LAMP: Look-Ahead Mixed-Precision Inference of Large Language Models
Stanislav Budzinskiy, Marian Gloser, Tolunay Yilmaz, Ying Hong Tham, Yuanyi Lin, Wenyi Fang, Fan Wu, Philipp Petersen
TL;DR
The paper tackles efficiency and numerical reliability in transformer inference by treating the computation as a deep composition $f(g(\bm{x}))$ subject to floating-point rounding. It develops Look-Ahead Mixed-Precision (LAMP), a principled strategy that adaptively recomputes a sparse subset of inner components with higher precision guided by bounds tied to the Jacobian of the remaining nonlinearities.
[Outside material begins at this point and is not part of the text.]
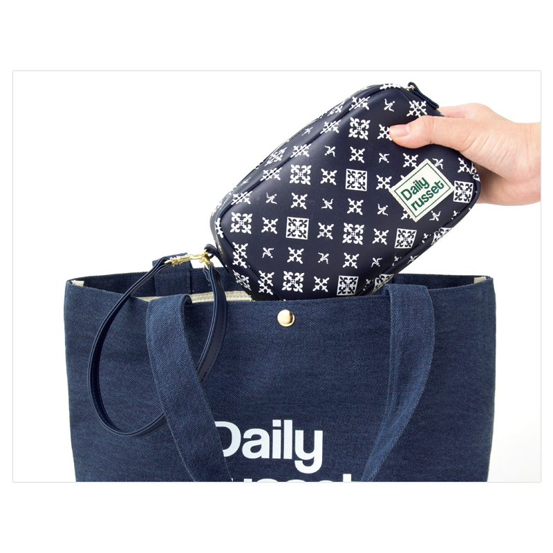 大人気雑貨ブランド「Daily russet(デイリー ラシット)」のブランドムックが登場!付録は、飽きのこないシンプルなデザインが魅力のネイビーのロゴバッグとモノグラム柄ポーチの豪華2点セット。ポーチは、2種類のストラップつきなので、バッグインバッグとしてはもちろん、ショルダーバッグとしても使える優れものです。誌面では、Daily russetの秋冬の新作をたっぷりとご紹介します。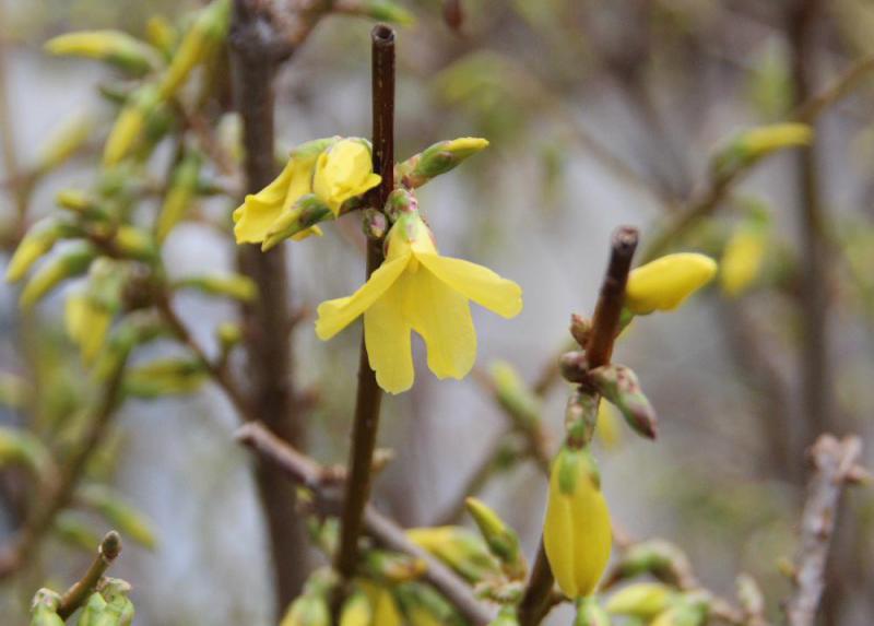 ●我が家の春三番の花は黄色の「レンギョウ」です 今から40年ほど前 山形に通勤していたときに春になると通勤途上の家のあちこちに咲いていた花です 厳しい冬が終わりようやく春なったことを告げるかのように咲いている黄色の花を見てほっとしたことを思い出します 魅せられてその花木を我が家の庭に植えましたが今年も花を咲かせてくれました 今年の春3番目に咲いた花です

The authors show that nearly-sparse solutions for the key transformer nonlinearities (activations, RMS layer normalization, and softmax within attention) can be obtained via greedy algorithms with $\mathcal{O}(n \log n)$ complexity, and demonstrate substantial accuracy gains on GPT-2 XL with only a small recomputation fraction. They validate the approach using a custom low-precision simulation and multiple datasets, indicating that selective high-precision recomputation can meaningfully improve inference quality without model retraining or weight changes, highlighting a practical path toward greener, faster LLM inference.
Abstract
Mixed-precision computations are a hallmark of the current stage of AI, driving the progress in large language models towards efficient, locally deployable solutions. This article addresses the floating-point computation of compositionally-rich functions, concentrating on transformer inference. Based on the rounding error analysis of a composition $f(g(\mathrm{x}))$, we provide an adaptive strategy that selects a small subset of components of $g(\mathrm{x})$ to be computed more accurately while all other computations can be carried out with lower accuracy. We then explain how this strategy can be applied to different compositions within a transformer and illustrate its overall effect on transformer inference. We study the effectiveness of this algorithm numerically on GPT-2 models and demonstrate that already very low recomputation rates allow for improvements of up to two orders of magnitude in accuracy.